Nunca o sistema penitenciário brasileiro esteve em tamanha
evidência. Desde que se deu conta do crescimento das facções
dentro dos muros dos presídios e do fato de que elas estão
matando organizadamente fora deles, não se via tamanho empenho
no debate acerca das idéias e sugestões para a solução
do impasse.
O direito de punir que veio paulatinamente
sendo transformado em sua concepção colonial de vingança
do soberano em técnica moderna de ressocialização,
agora, no Brasil, precisa de pronta e eficiente solução
de recuperação que permita abrandar a violência
que tomou conta dos presídios e das ruas. Aqui, foram erros
seguidos: não foi possível cuidar da separação
adequada dos criminosos, não se deu conta que a reunião
de delinqüentes perigosos com quem tinha crimes mais singelos
levaria a uma distorção de grandes proporções
e nem se percebeu, no tempo certo, que a internação
passou a ser indiscriminada e sem critérios.

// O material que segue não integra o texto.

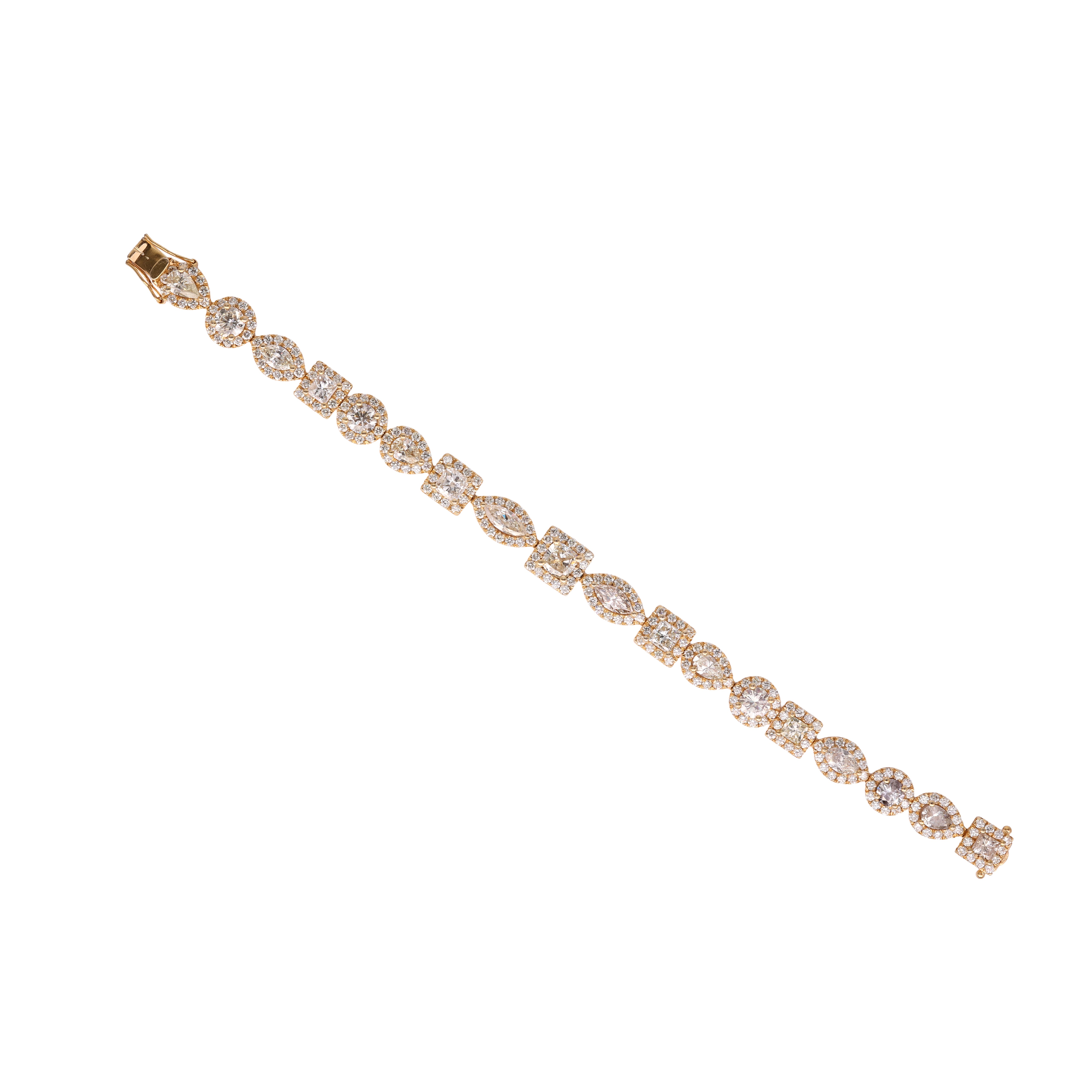 14K Rose Gold 22.00 Carat Multi Shape Fancy Diamond Bracelet
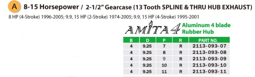 Śruba 4 płatowa AMITA 4 przeznaczona do silników z wydechem spalin przez piastę (pod wodą) pasuje do następujących silników (kolor śruby czarny)
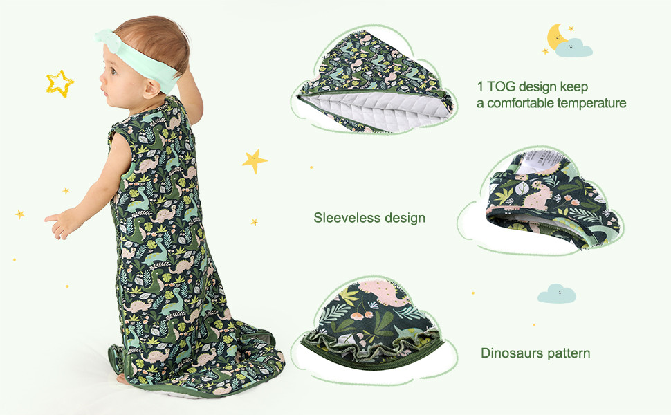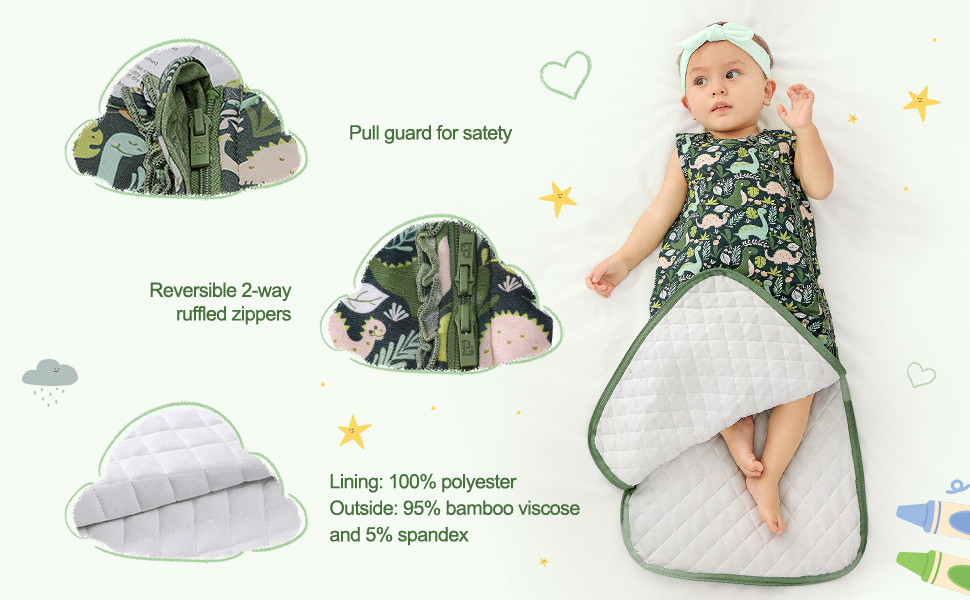 - REVERSIBLE 2-WAY RUFFLED ZIPPERS – Whether you’re just checking on your baby or want to change their diaper in the middle of the night, the double zipper makes it easy to get in and out quickly without waking them up, while ruffled around the zipper makes your little one extra cute. The pull guard at the top of sleep bag prevents scratching your baby’s delicate skin.

Agora, para resolver a crise, de
onde retirar recursos financeiros se eles fazem falta em outros setores
prioritários, como saúde e educação, em
um país de população pobre e carente? Uma experiência
indiana — atual e surpreendente — parece sugerir um caminho:
em Tihar, nos arredores de Nova Deli, em um dos maiores estabelecimentos
prisionais do mundo contemporâneo, deu-se fato singular.
Ali, em presídio de segurança
máxima, conhecido como um inferno sem solução,
onde estão internados mais de 13 mil detentos, a criatividade
de uma diretora, agindo sem recursos e investimentos públicos
do governo indiano, viabilizou a utilização de técnica
milenar consistente na exploração de meditação
e estado contemplativo por parte dos reeducandos, com a finalidade
terapêutica de livrá-los de seus sofrimentos pessoais,
proporcionando-lhes melhor qualidade de vida.

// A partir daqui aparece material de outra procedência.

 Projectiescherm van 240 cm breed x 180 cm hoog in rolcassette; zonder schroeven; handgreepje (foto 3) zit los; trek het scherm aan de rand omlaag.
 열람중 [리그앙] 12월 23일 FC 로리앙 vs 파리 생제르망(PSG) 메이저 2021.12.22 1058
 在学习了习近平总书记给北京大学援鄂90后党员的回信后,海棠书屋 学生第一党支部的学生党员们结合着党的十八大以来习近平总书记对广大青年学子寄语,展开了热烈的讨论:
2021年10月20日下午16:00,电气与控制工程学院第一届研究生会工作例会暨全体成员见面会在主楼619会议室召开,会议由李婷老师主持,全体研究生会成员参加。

A técnica de origem budista
aplicada aos presos indianos acabou por levar ao quase aniquilamento
da reincidência, corrupção e uso de drogas nos
presídios onde está funcionando. Em razão do
sucesso imediato, foi estendida aos funcionários do estabelecimento
e proporcionou a proliferação de cursos periódicos
em uma área especialmente criada para reflexão. A transformação
modelar da prisão Tihar nos últimos 13 anos da experiência
acabou fazendo-a referência para outros presídios indianos.

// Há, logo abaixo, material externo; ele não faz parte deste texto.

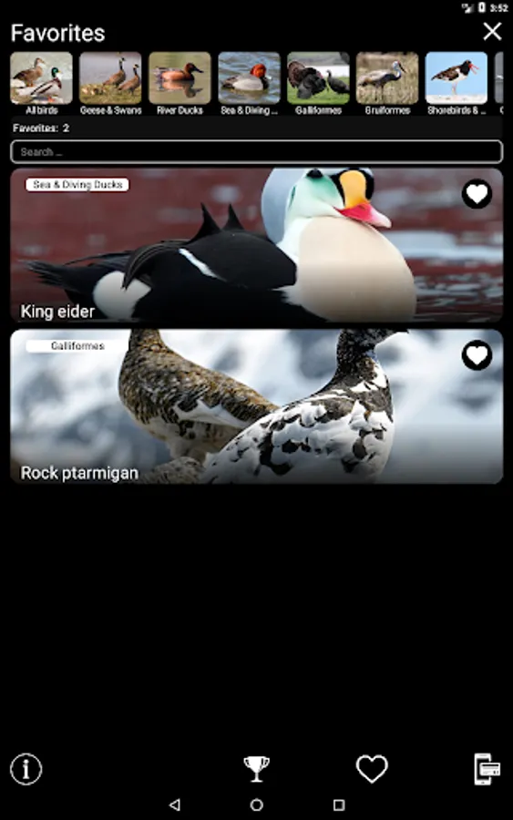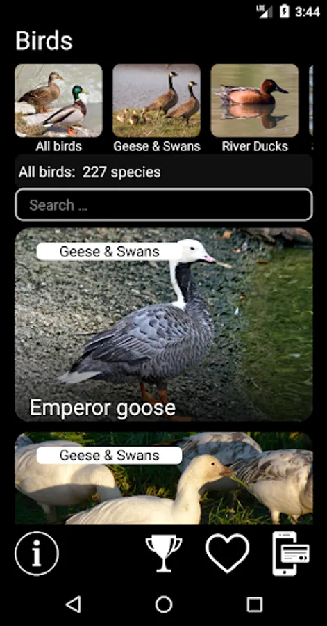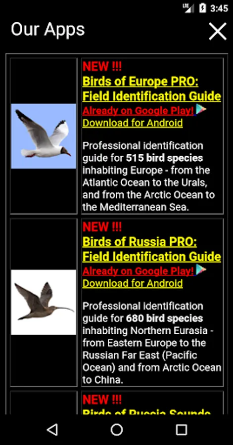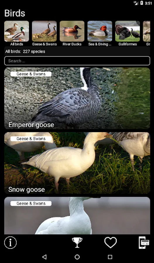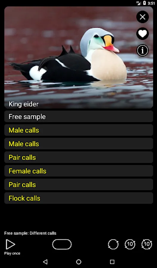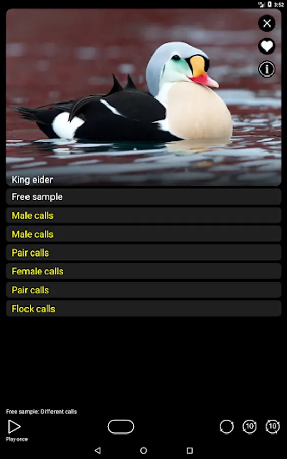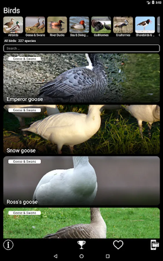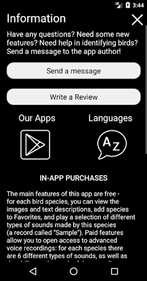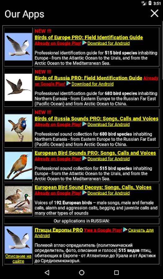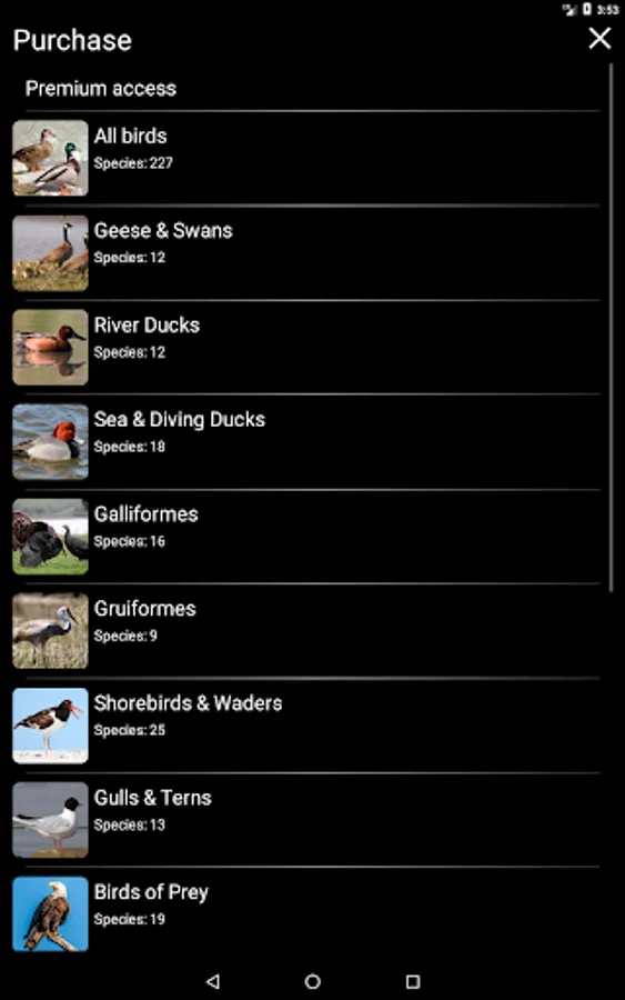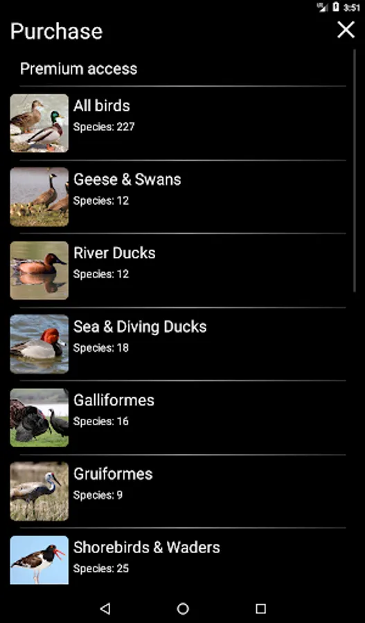 The main features of this app are free - for each bird species, you can view the images and text descriptions, add species to Favorites, and play a selection of different types of sounds made by this species (a record called "Sample"). Paid features allow you to open access to advanced voice recordings: for each species there are 6 different types of sounds, as well as the ability to play each of the recordings in four different ways. You can buy all bird species ("All Birds", $12.00), as well as any of systematic and ecological groups of birds ($2.50-4.00).
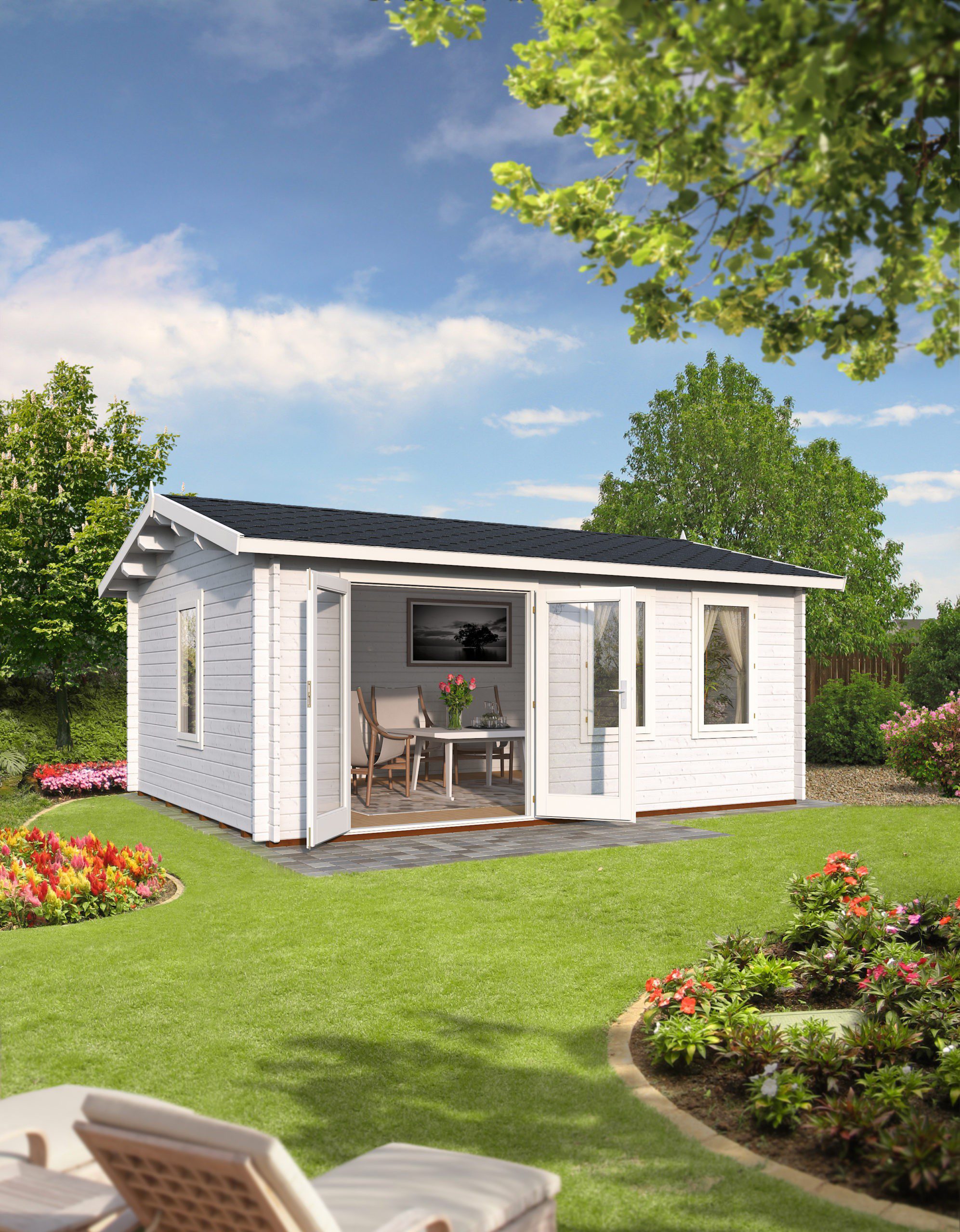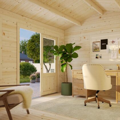 Modernaus dizaino medinis sodo namelis „Irma“19,1 m2 – puikus pasirinkimas Jūsų poilsiui. Šiais laikais itin populiarėja didesni ir erdvūs sodo nameliai, skirti ne tik susidėti ir laikyti sodo daiktus ne sezono metu, bet ir praleisti juose ilgesnius savaitgalius. Itin stilingas, primenantis poilsinius namelius ar vasarnamius šiltojo sezono praleidimui. Tokio tipo nameliai labai mėgstami turint vaizdingas vietoves aplink, nes turi daug langų pro kuriuos galima stebėti gamtą, bei sezono pasikeitimus. Kadangi namelio sienos storos medienos, langai dvigubi, pasistačius šildytuvą sodo namelis galėtų būti naudojamas nuo ankstyvo pavasario iki vėlyvo rudens. Tai gali būti itin jauki vieta darbui kai reikia pabėgti nuo namų šurmulio ir susikaupti, sugeneruoti naujas idėjas ar padaryti svarbius sprendimus. Namelyje galite pailsėti po intensyvesnių sodo darbų, ar tiesiog praleisti laiką savo malonumui. Galiausiai toks namelis būtų puikus traukos centras susitikti šiltais vasaros vakarais su šeima bei draugais prie grilyje ruoštos vakarienės. Namelis gali stovėti ne tik jūsų sode, bet ir kaimo sodyboje ar ežero pakrantėje, kur galėsite maloniai ir komfortiškai leisti savo laisvalaikį. Šis šiuolaikiškas medinis sodo namelis suteiks galimybę turėti uždarą, širdžiai mielą erdvę su plačiai atidaromomis durimis bei langais, leis grožėtis vaizdu ir šiltu vasaros oru.

Mais do que isso, atraiu a atenção de estudiosos e pesquisadores
do mundo todo sobre o fenômeno do controle das angústias
das populações carcerárias.
Mereceu a atenção da
psicanálise e da psiquiatria, já que a reflexão
não é técnica convencional de pacificação
de presidiários. Na verdade, a experiência abriu caminho
inédito com a adoção de solução
prática e econômica para contenção dos
problemas carcerários, transformando a vida na prisão
em rotina mais suportável e menos violenta.
Pode parecer estranho para os padrões
ocidentais, já que a realidade brasileira é bem diversa.
Porém, se considerarmos que no Brasil a falta de recursos públicos
e a urgência para o encaminhamento da crise, são na essência
os mesmos problemas que em Tihar demandaram pronta solução,
será justo reconhecer que a experiência do presídio
indiano é uma demonstração forte de que o pragmatismo
também é fator determinante no encaminhamento de soluções.
A experiência teve o mérito
de se basear na criatividade no trato com questões polêmicas
e no enfrentamento da realidade que permitiu, com o auxílio
de métodos não convencionais de cumprimento de pena,
o abrandamento da crise. Trabalhou a acumulação das
tensões que dominam os ambientes carcerários, trazendo
demonstração de que a vocação e a criatividade
das autoridades são fatores determinantes para tornar mais
justa e equilibrada a vida das populações carcerárias.